§ **Task details**
Go to the line containing "Modern Elegant Monogram" in the records below and print it and every following line exactly, on through the line containing "Το Βόρειο Σέλας", then stop.

§ **Dataset records**
————————
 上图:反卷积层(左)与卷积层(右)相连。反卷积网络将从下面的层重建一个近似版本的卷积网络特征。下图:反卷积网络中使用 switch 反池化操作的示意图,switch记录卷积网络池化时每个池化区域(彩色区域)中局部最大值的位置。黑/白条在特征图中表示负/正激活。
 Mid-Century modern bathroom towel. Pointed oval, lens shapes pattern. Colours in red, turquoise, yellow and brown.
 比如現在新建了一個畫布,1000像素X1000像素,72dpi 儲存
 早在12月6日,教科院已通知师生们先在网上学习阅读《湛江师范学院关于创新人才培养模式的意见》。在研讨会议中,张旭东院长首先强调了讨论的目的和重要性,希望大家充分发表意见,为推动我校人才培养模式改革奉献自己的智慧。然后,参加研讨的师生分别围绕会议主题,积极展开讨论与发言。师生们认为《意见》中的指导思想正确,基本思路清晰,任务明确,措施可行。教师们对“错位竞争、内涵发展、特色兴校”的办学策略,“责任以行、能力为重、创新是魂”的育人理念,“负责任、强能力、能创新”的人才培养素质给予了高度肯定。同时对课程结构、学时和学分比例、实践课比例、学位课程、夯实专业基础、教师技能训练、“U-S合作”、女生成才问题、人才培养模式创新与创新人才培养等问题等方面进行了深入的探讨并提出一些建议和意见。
————————
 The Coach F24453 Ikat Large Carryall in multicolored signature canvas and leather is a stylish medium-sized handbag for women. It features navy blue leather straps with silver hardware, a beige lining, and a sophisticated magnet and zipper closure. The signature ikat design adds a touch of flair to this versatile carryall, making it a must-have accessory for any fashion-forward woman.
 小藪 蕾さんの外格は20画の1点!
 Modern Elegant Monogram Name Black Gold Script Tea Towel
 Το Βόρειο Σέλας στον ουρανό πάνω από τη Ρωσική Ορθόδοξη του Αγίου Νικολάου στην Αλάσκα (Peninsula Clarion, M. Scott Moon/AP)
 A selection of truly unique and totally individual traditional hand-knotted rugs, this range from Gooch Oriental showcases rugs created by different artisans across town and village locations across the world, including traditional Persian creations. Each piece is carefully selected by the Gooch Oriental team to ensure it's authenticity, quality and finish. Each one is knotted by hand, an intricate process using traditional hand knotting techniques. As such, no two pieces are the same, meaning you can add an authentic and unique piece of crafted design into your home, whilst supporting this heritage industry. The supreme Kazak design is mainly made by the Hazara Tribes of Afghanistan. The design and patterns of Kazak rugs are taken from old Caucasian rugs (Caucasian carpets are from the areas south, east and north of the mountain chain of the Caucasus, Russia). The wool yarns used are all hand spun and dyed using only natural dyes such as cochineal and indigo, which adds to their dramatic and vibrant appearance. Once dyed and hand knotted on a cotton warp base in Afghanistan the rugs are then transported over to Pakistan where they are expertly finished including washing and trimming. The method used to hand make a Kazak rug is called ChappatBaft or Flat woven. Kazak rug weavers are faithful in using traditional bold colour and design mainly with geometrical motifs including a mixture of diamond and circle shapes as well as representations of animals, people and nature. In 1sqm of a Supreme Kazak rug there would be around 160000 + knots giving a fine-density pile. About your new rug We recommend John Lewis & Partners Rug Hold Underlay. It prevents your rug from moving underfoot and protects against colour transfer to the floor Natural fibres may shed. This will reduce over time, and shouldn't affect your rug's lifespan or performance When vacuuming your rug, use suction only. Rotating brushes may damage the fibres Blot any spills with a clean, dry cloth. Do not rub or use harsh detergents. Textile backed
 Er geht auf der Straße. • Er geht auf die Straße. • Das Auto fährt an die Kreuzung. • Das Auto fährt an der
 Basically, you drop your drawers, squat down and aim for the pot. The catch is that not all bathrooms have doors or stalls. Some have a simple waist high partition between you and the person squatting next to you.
————————
§ **Solution to this exercise**
 Modern Elegant Monogram Name Black Gold Script Tea Towel
 Το Βόρειο Σέλας στον ουρανό πάνω από τη Ρωσική Ορθόδοξη του Αγίου Νικολάου στην Αλάσκα (Peninsula Clarion, M. Scott Moon/AP)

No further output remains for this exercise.